Connect with housekeeping & other hotel staff
Front desk agents are also responsible for running interference between other hotel staff, like housekeeping, and guests. For this to happen, communication with other departments’ staff needs to be both clear and timely. Specific instructions about the needs of particular guests will allow personal desires to be addressed and their stays to be memorable.
Protip: Establish interdepartmental communication channels.
Whether it’s short-range radios, text messaging, or an internal messaging solution, modern hoteliers need to ensure their staff are able to effectively communicate with other parts of the organization. Putting in place dedicated communication channels is a solid way to ensure people receive the resources and support they need in a timely manner.
Maintain updated records of bookings & payments
Though customer service is a huge aspect of the operations and responsibilities of the front desk, there are also some bookkeeping duties that need attention. The front desk is responsible for keeping updated records of the bookings, the particular dates of those stays, the number of guests, and any other relevant information that will be needed for check-in and throughout their stay. Staff must also oversee payments and ensure that all information guests provide is accurate and is accepted. Making sure the office operation runs smoothly is of great importance.
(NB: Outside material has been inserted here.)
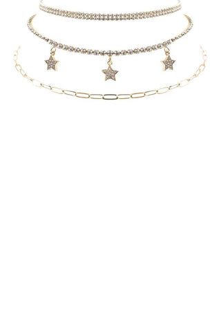 Rhinestone Star Charm 3 Layered Necklace - Gold

Protip: Create a handoff plan for every shift change.
Have a binder or notebook where front desk employees can write notes or announcements for the next shift team. Be sure to include when the note was written and by whom. Write in the message afterwards and include any other important information needed such as the booking or room number.
What makes the front desk unique is it is a touchpoint with the hotel that guests may engage at any point in their journey — from the moment they check-in to the time they checkout.
At checkout — the final instance in which a guest may interact with front desk staff directly — there are fewer responsibilities than during the other stages of the guest journey. However, this doesn’t make them any less significant.
Check guests out & collect keys
On their way out the door, many guests will come to the front desk to drop off their key and formally checkout. Though this is a fairly straightforward interaction with guests, it is an important one. It is only when a guest formally checks out that a housekeeping team member can turnover the room. It is the front desk staff’s responsibility to ensure an accurate accounting of which rooms have been checked out and which have not.
Contactless Checkout solutions enable guests to checkout from anywhere, at any time, directly from their mobile devices. This can erase the need for that final front desk visit, which frees up your staff to deal with guest arrivals, and provides hoteliers with an accurate portrayal of which rooms are free and which are not.
The front desk team is invaluable to the overall hotel experience. As the middlemen between guests and all other hotel staff, a well-functioning front desk team will be able to quickly handle issues and address guest needs. Failing to meet visitors' expectations means risking negative reviews and lost revenue. Disorganization, impolite or unaccommodating staff, or a general lack of professionalism and panache can be a real turn-off to guests, leaving them annoyed, dissatisfied, and unlikely to return.
Well-trained, warm, and friendly staff will meet, and often exceed, the needs of a wide range of hotel guests. By wrapping the above tips into your front desk operations and responsibilities, you’re sure to drive outstanding experiences and reap the rewards in loyalty sign-ups and repeat visits.